◆ PROMPT
Would you transcribe the records below from the line with "This painted white" to the line with "As in previous", ends included, exactly and with nothing more, leaving the pictures out?

◆ INFORMATION SUPPLIED
====
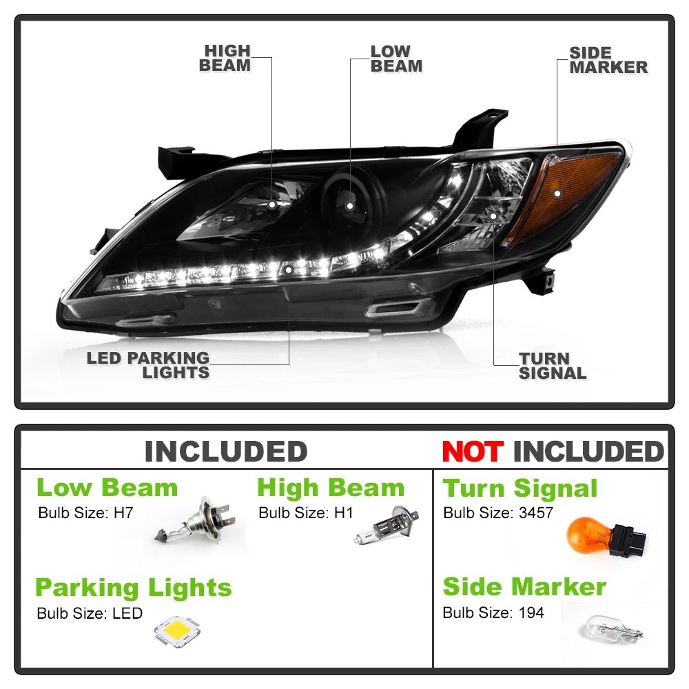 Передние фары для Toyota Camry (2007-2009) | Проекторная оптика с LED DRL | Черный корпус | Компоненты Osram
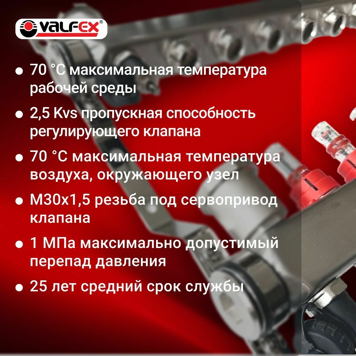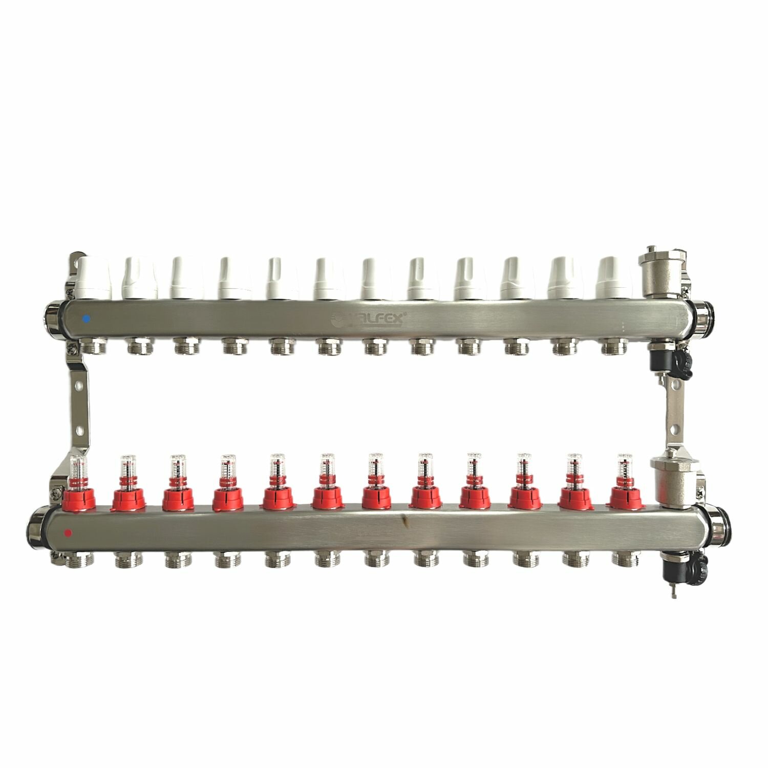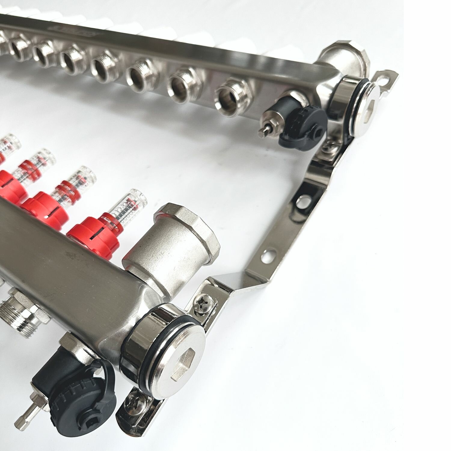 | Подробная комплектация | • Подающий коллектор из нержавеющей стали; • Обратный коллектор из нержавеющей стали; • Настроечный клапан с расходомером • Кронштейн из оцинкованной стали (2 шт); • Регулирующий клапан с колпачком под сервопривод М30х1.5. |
====
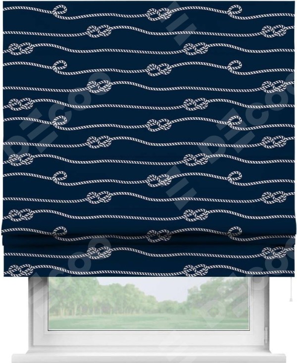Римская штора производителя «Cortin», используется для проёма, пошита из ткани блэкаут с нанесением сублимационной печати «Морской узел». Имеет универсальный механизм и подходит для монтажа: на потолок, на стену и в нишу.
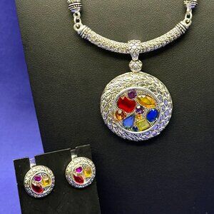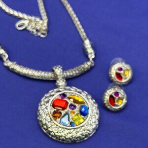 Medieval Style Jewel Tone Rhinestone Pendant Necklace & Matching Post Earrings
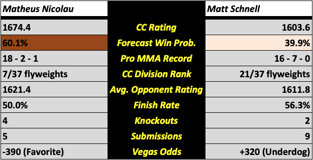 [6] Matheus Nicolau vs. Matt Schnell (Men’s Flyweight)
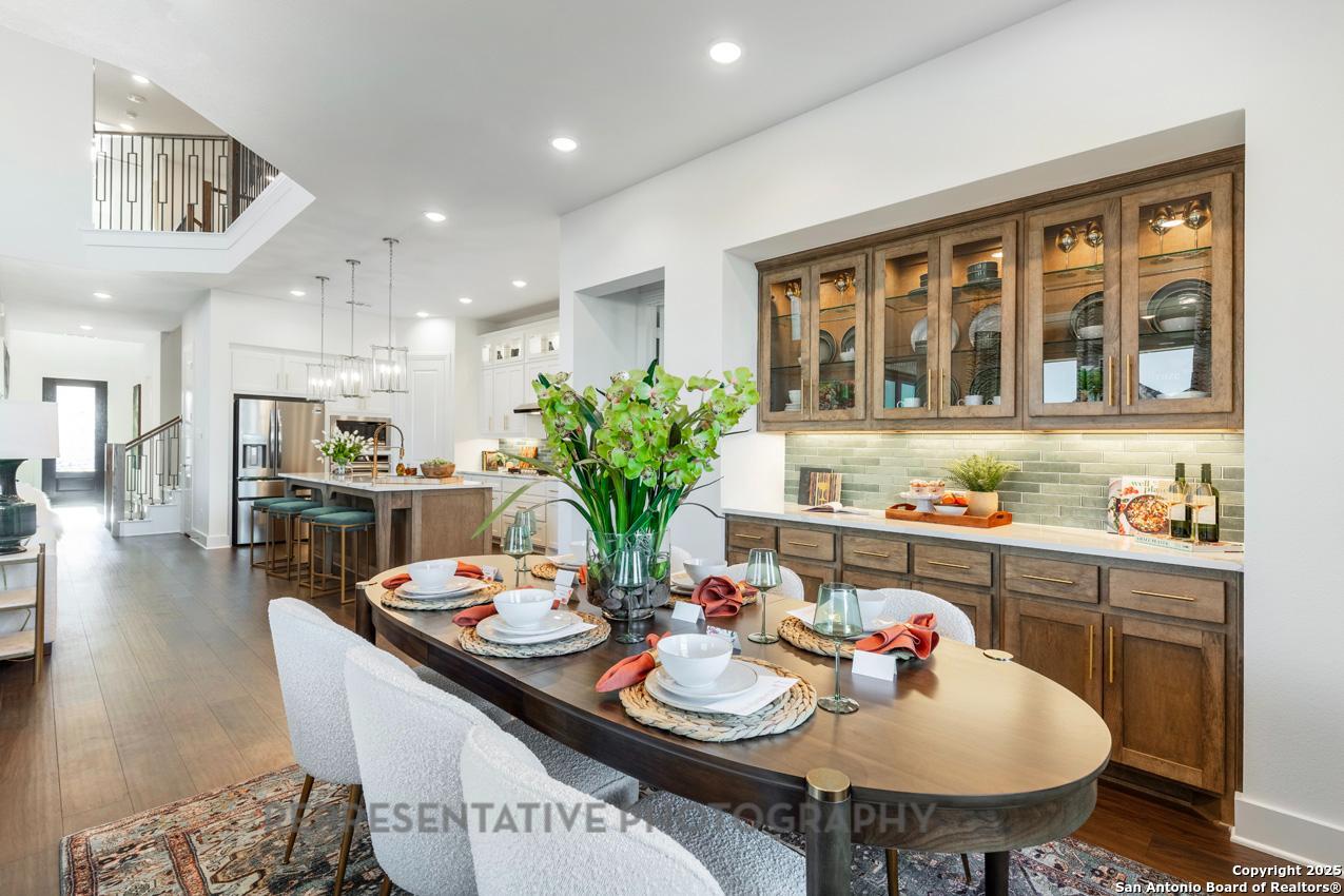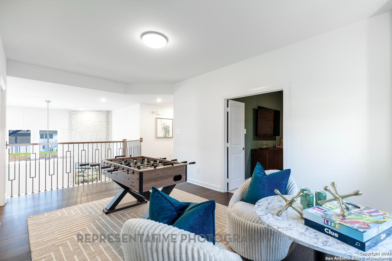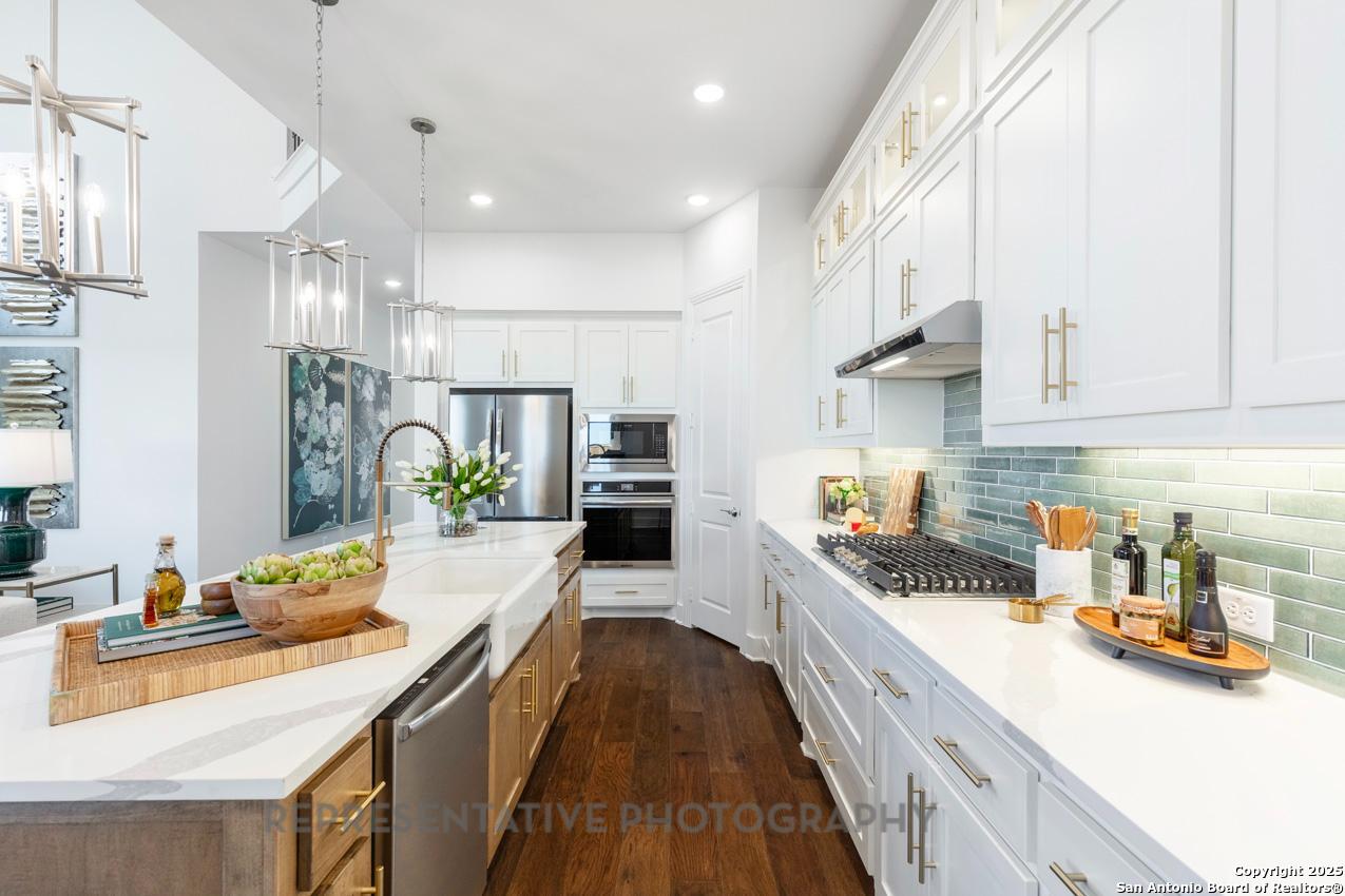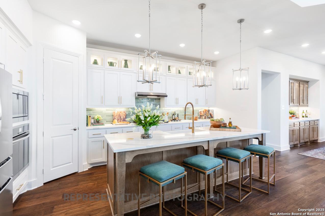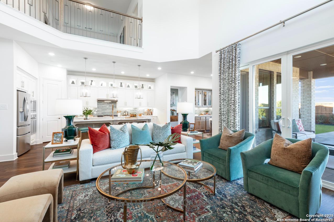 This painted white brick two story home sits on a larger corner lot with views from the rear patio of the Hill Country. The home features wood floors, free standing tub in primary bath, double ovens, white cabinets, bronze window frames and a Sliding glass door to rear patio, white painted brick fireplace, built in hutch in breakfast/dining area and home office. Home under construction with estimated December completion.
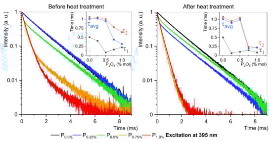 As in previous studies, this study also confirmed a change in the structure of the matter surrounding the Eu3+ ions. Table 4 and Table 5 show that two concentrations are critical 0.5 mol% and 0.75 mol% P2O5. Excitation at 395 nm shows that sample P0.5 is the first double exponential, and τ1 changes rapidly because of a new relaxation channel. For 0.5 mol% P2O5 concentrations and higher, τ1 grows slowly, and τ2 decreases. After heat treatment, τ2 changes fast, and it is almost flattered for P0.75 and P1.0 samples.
====
◆ RESPONSE AREA
 This painted white brick two story home sits on a larger corner lot with views from the rear patio of the Hill Country. The home features wood floors, free standing tub in primary bath, double ovens, white cabinets, bronze window frames and a Sliding glass door to rear patio, white painted brick fireplace, built in hutch in breakfast/dining area and home office. Home under construction with estimated December completion.
 As in previous studies, this study also confirmed a change in the structure of the matter surrounding the Eu3+ ions. Table 4 and Table 5 show that two concentrations are critical 0.5 mol% and 0.75 mol% P2O5. Excitation at 395 nm shows that sample P0.5 is the first double exponential, and τ1 changes rapidly because of a new relaxation channel. For 0.5 mol% P2O5 concentrations and higher, τ1 grows slowly, and τ2 decreases. After heat treatment, τ2 changes fast, and it is almost flattered for P0.75 and P1.0 samples.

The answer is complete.